Travis Rasmussen is a hunter from Joplin who harvested one of only three bears taken on public land during the state’s first hunt in 2021. He says that, apart from some online comments, he hasn’t encountered much opposition to bear hunting.
Rasmussen attributes this to a widespread cultural acceptance of hunting in Missouri.
“For us around here, it's just normal,” he says.
How is bear hunting different from hunting other kinds of wild game?
Hunters say that bears are more difficult and hit-or-miss than common game like deer or turkey. Deer, which are more plentiful and often travel along established trails, can be hunted by laying in wait in a tree-stand.
Bears, on the other hand, have a lower population density and that means hunters typically have to search them out more actively.
“In Missouri, we can't use bait or attractants, so you pretty much have to rely on the land and knowing–having a good idea–where bears are, and being able to track, through scat and tracks and other signs like bears clawing into dead trees, looking for bugs or digging into the ground,” Rasmussen says.
In 2021, Rasmussen walked seven miles into Mark Twain National Forest before he was able to take down a bear, which he says weighed over 500 pounds. Then he had to drag it back to his truck with the help of a group of friends.
Alex Abramovitz, another Missouri hunter, plans to go to Mark Twain National Forest for this year’s bear season along with a friend who drew a permit in the lottery.

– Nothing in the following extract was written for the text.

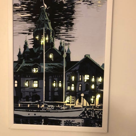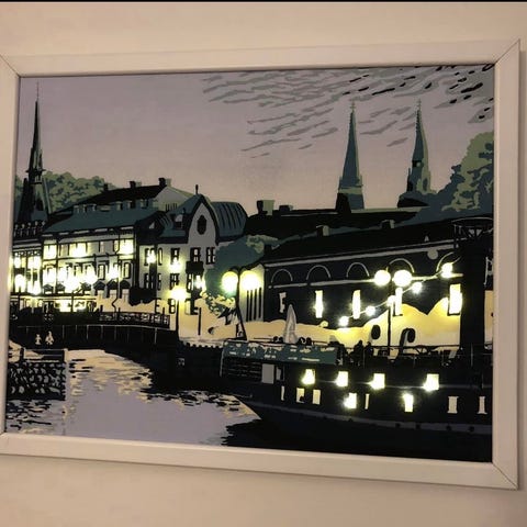 Upea ledvaloilla ja puukehyksillä varusteltu taulu. Koko 45*45cm
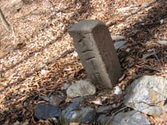 桐生を車で出発して老越路峠を越え、飛駒から黒沢の集落の奥に入る。林道がY字に分岐するところに、「この先車両通り抜けできません 」、「この先、林道行き止まりキケン」、「この先幅員狭小につきUターンできません」という新しい看板があり、ビビらせてくれる。地形図にも記載されている石碑が道端にあり、「右東川道、祝摂政宮御成婚、東川道路改修記念碑、大正十三年二月、左根本山道」と刻まれている。後日調べると、摂政宮というのは昭和天皇のことのようだ。

“You gotta cover ground, find what they're feeding on, and once you find that they're fairly patternable, but it's a lot easier said than done,” Abramovitz said. “Deer hunting, you're gonna find signs all over the place, rubs, scrapes, tracks, you know, scat. To find one piece of bear sign is honestly a big deal.”
Abramovitz adds that the best way to eat bear meat is in roasts or burgers. Steaks aren’t quite as good of a meal, since bear meat has to be cooked thoroughly like pork — the parasite trichinella is even more common in bears than in pigs, its best known carrier. (You'll want to cook it to at least an internal temperature of 160 degrees.)
The Missouri Department of Conservation warns that trichinellosis caused by undercooked wild game can cause symptoms like diarrhea, cramps, nausea, vomiting and fever, and symptoms can potentially last for weeks or months.
“I'm excited to see the third hunting season go,” Abramovitz says. “I think it just shows how good conservation can not only provide the restoration of a species, but provide additional opportunities for people to enjoy the outdoors.”